Dal punto di vista del clinico invece, l’informazione prognostica è un punto fermo essenziale per “stadiare" la patologia in modo che si possa operare la terapia più adeguata. La prognosi in questo caso si focalizza principalmente sul rischio specifico della patologia ed in particolare sul rischio di morte e progressione neoplastica in assenza di terapia.
Sia per i pazienti che per i medici, la stima della prognosi è un processo continuo che non si blocca solo al tempo della diagnosi. La rivalutazione della prognosi può essere utilizzata quando un paziente mostra segni di progressione o dopo che si instauri una refrattarietà alla terapia.

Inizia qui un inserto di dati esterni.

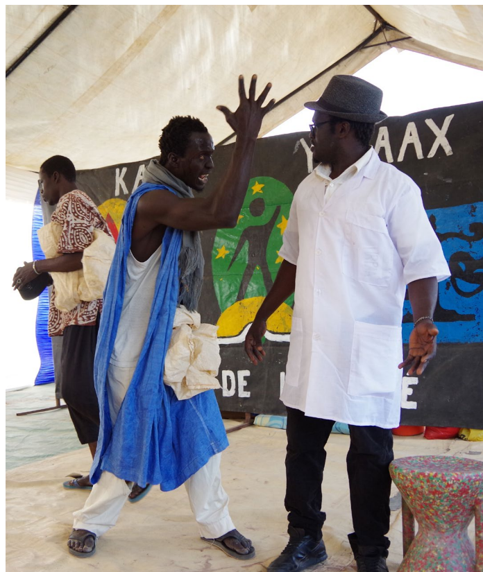
Theatre Forum organised in Senegal with Kaddu Yaraax group

I modelli prognostici che considerano le caratteristiche presenti prima di un intervento terapeutico sono molto preziosi, in particolare se identificano sottogruppi di pazienti la cui prognosi è migliorata da una particolare terapia. Nessun modello prognostico può soddisfare i bisogni dei pazienti o dei clinici in qualsiasi contesto, mantenendo sempre una elevata accuratezza. Diversi sistemi possono essere utilizzati in diversi scenari o sottogruppi di pazienti. Gli “score” prognostici usati per descrivere i soggetti nei trial clinici o incorporati nelle line guida pratiche, hanno grandissima importanza. Storicamente l’IPSS (International Prognostic Score System) è venuto in contro a queste esigenze. La sua revisione con l’IPSS-R (International Score
System Revised) implementa l’IPSS ed è diventato de facto lo standard per
suddividere i pazienti con MDS e dargli un’ “identità” prognostica[158].